Record excerpts:

===

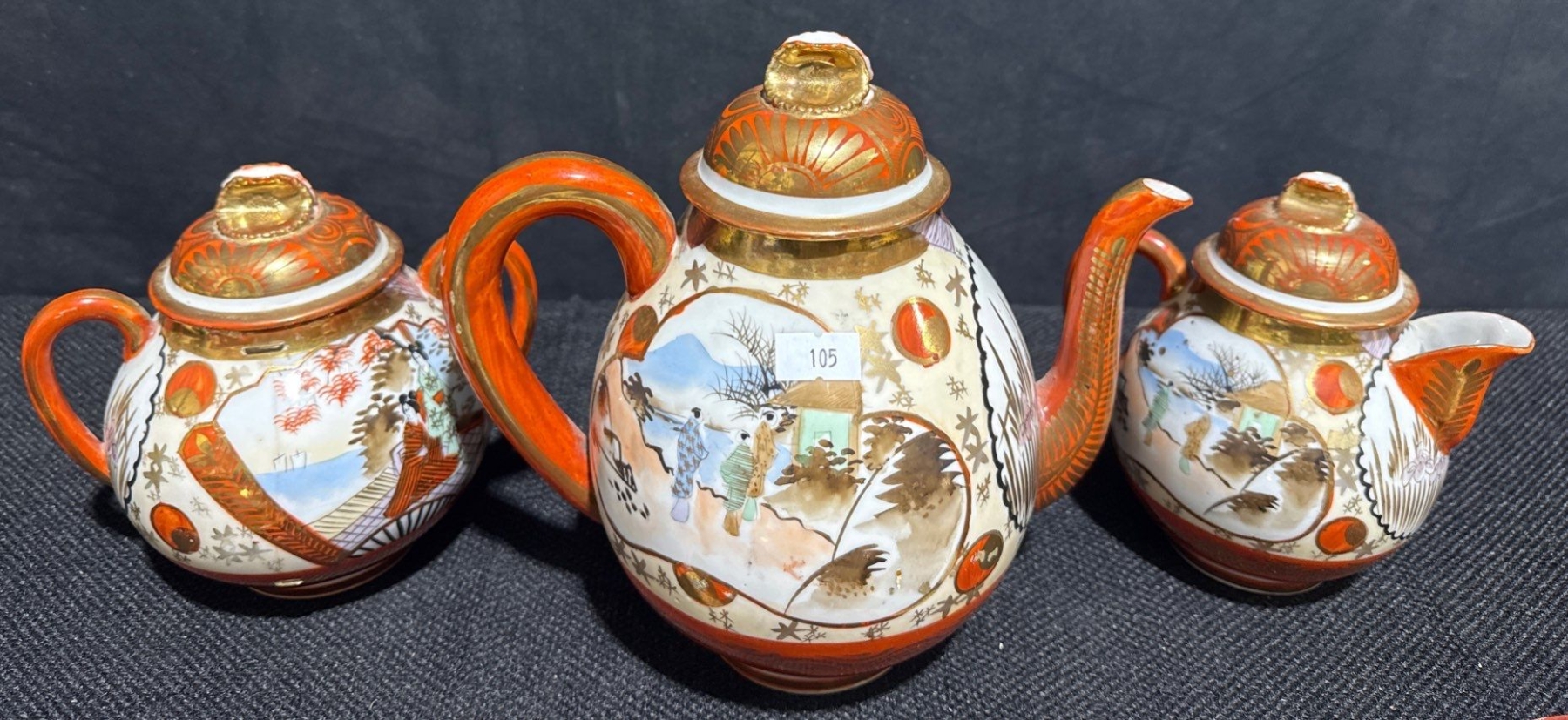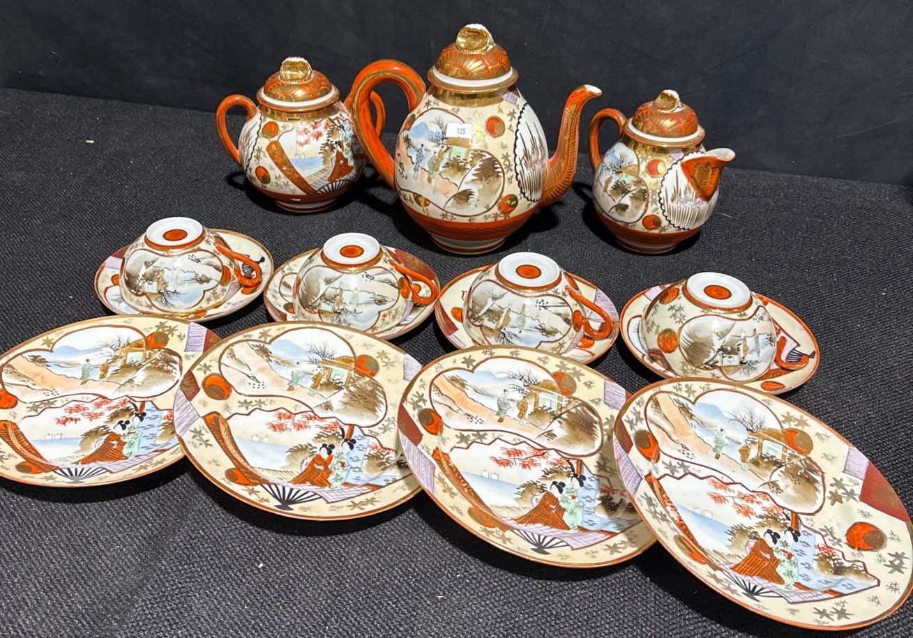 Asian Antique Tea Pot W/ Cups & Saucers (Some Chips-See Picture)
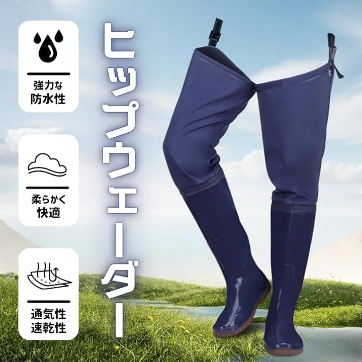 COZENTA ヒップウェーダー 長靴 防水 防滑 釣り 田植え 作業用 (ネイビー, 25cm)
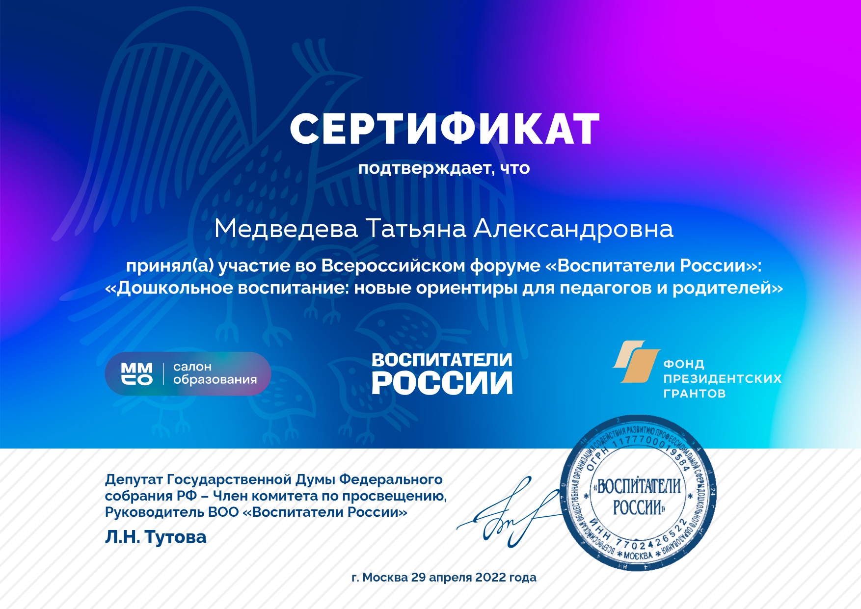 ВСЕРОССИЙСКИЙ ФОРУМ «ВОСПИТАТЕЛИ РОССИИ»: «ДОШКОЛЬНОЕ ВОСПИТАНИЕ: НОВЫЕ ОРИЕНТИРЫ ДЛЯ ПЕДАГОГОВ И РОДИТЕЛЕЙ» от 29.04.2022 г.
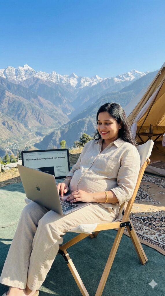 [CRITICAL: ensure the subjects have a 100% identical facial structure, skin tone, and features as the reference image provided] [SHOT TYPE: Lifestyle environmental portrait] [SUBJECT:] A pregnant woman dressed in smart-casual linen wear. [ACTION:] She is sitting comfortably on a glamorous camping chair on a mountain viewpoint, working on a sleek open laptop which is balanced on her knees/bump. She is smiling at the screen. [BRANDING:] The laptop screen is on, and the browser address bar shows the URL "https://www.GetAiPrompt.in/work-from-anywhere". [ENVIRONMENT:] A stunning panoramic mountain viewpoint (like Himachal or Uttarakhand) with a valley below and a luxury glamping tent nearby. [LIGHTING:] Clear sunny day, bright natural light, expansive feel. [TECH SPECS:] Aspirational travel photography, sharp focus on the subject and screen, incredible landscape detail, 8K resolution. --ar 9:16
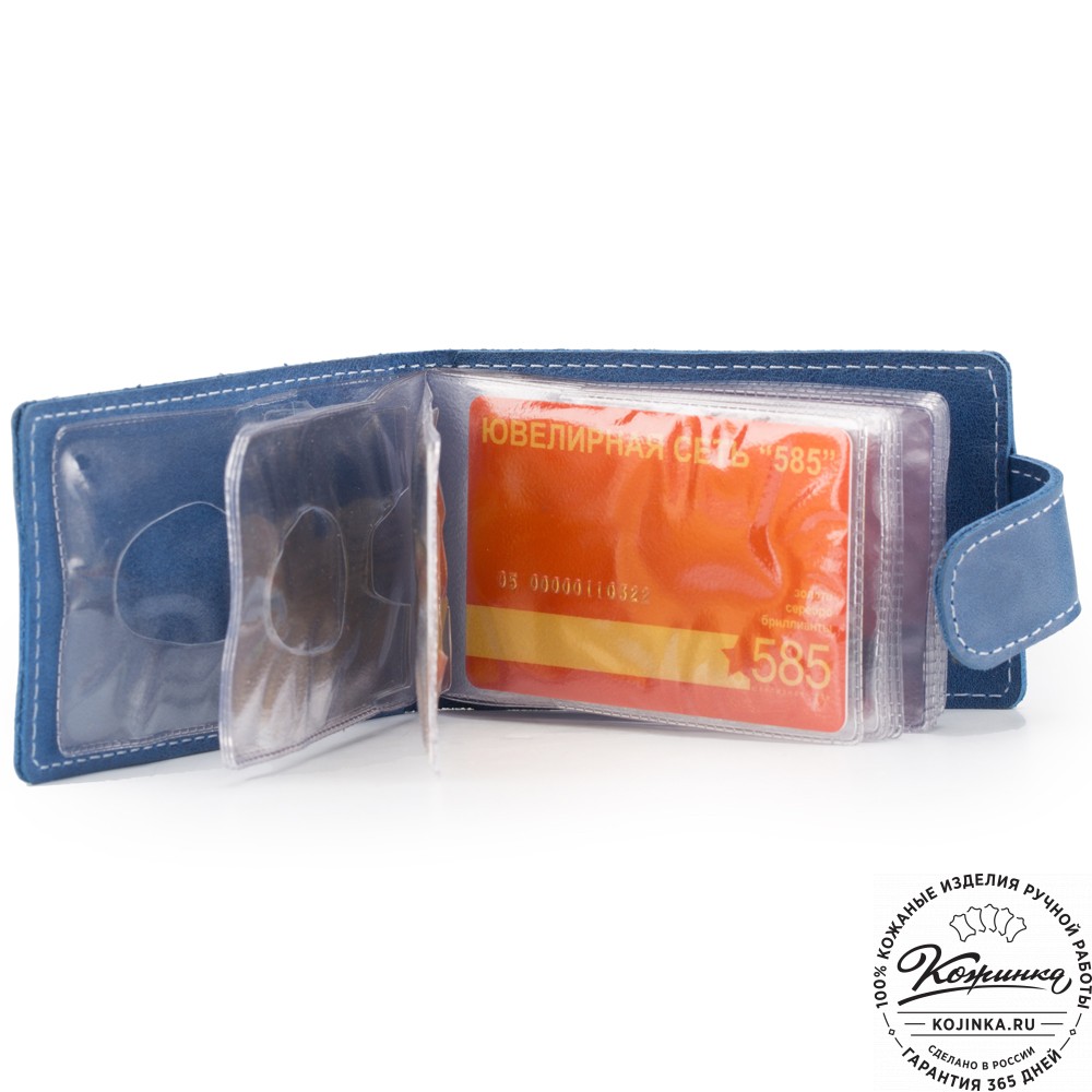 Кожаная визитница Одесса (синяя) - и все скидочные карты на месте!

===

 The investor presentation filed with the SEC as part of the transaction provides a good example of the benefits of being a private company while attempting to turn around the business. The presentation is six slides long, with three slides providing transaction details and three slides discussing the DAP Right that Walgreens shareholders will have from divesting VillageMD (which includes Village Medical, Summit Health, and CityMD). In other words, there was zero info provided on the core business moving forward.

===

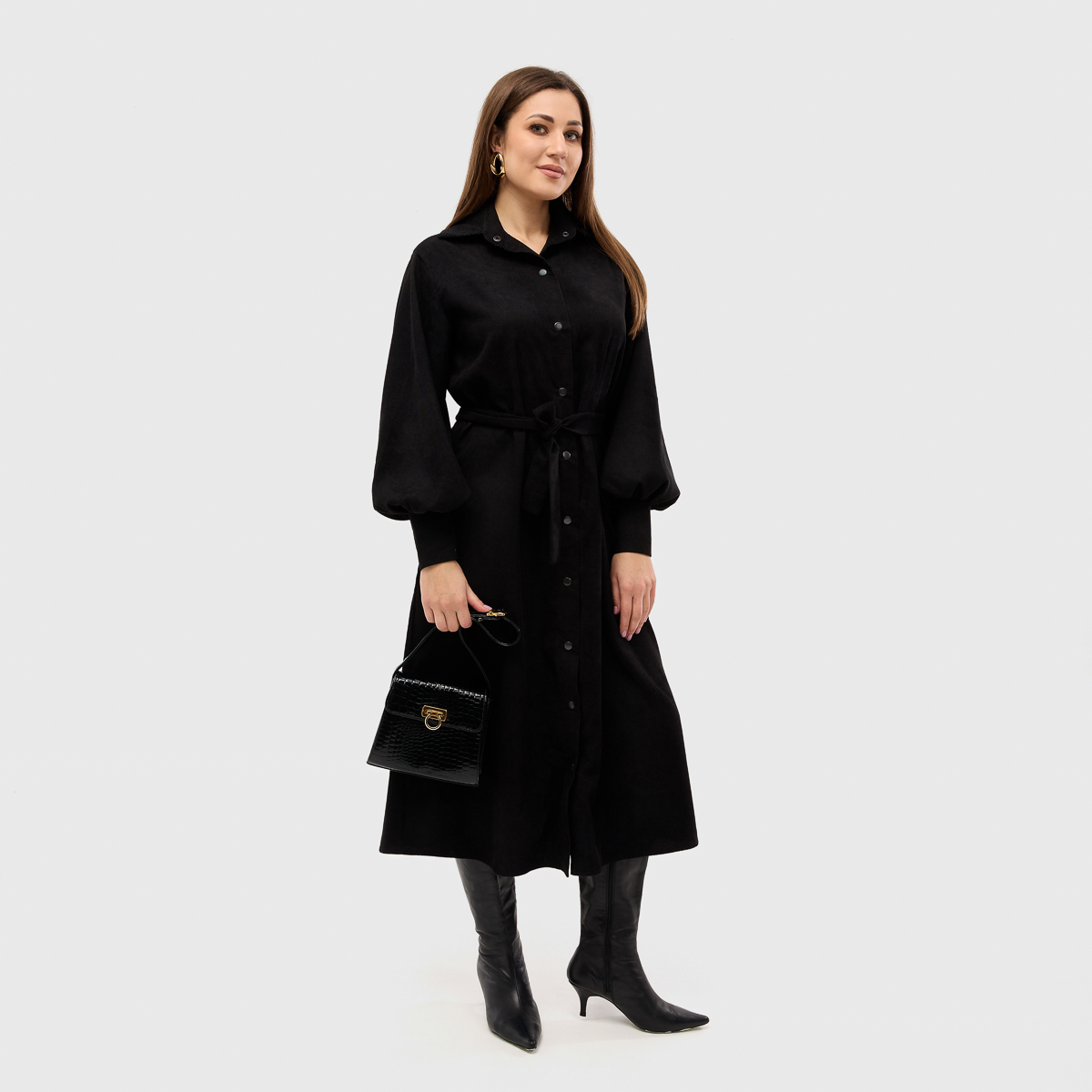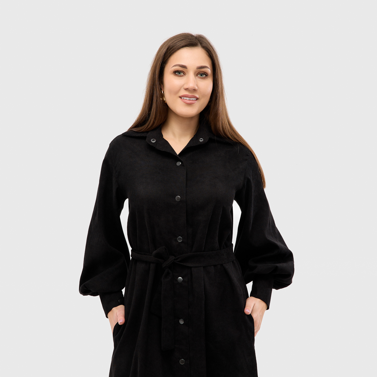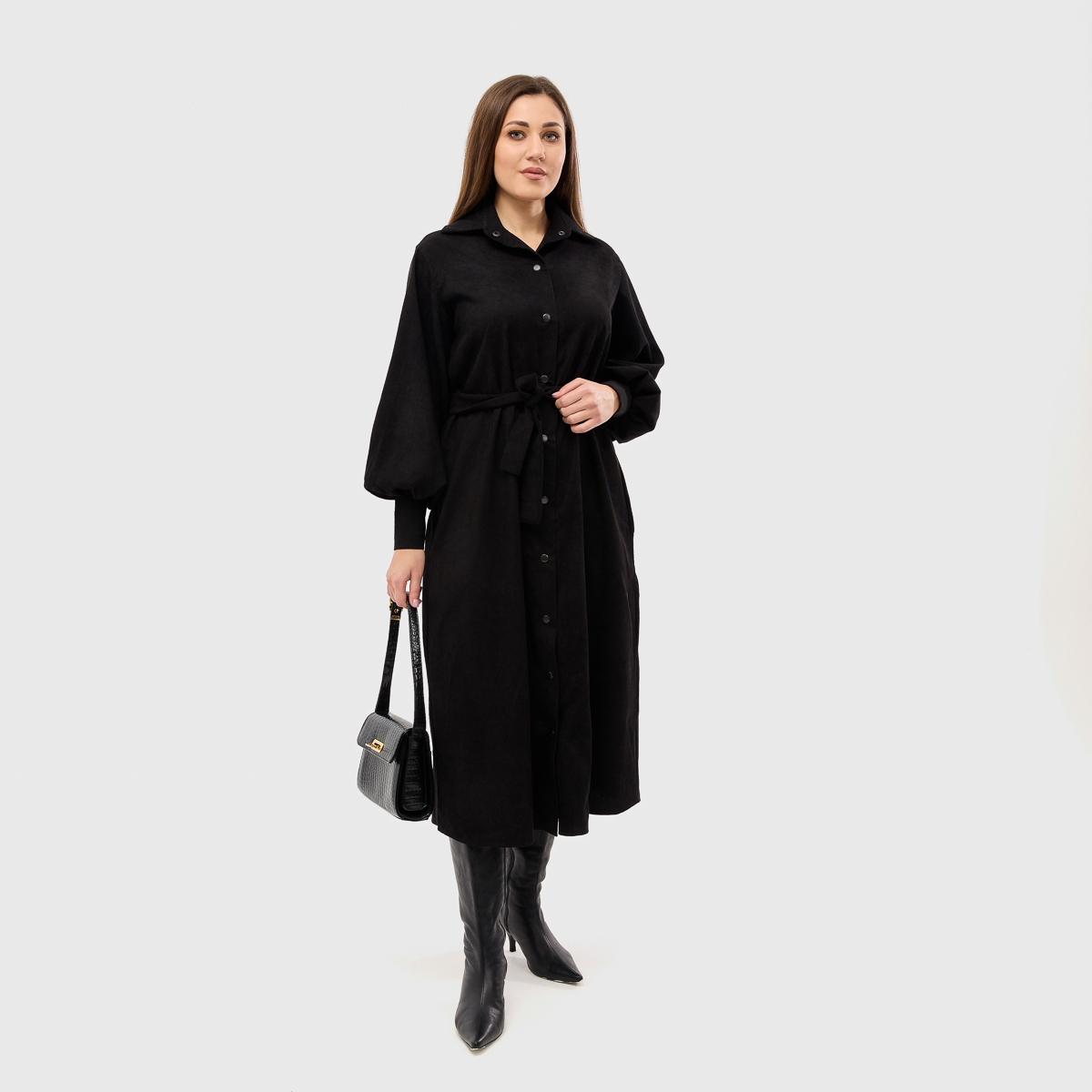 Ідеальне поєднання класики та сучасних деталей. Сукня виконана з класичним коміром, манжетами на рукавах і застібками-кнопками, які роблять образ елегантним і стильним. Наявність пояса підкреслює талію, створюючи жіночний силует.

===

Activity: Above are entries with pictures among them. Write out exactly the lines from the one containing "Asian Antique Tea" through the one containing "от 29.04.2022 г.", ends included, and leave those pictures out.

Exercise solution:
 Asian Antique Tea Pot W/ Cups & Saucers (Some Chips-See Picture)
 COZENTA ヒップウェーダー 長靴 防水 防滑 釣り 田植え 作業用 (ネイビー, 25cm)
 ВСЕРОССИЙСКИЙ ФОРУМ «ВОСПИТАТЕЛИ РОССИИ»: «ДОШКОЛЬНОЕ ВОСПИТАНИЕ: НОВЫЕ ОРИЕНТИРЫ ДЛЯ ПЕДАГОГОВ И РОДИТЕЛЕЙ» от 29.04.2022 г.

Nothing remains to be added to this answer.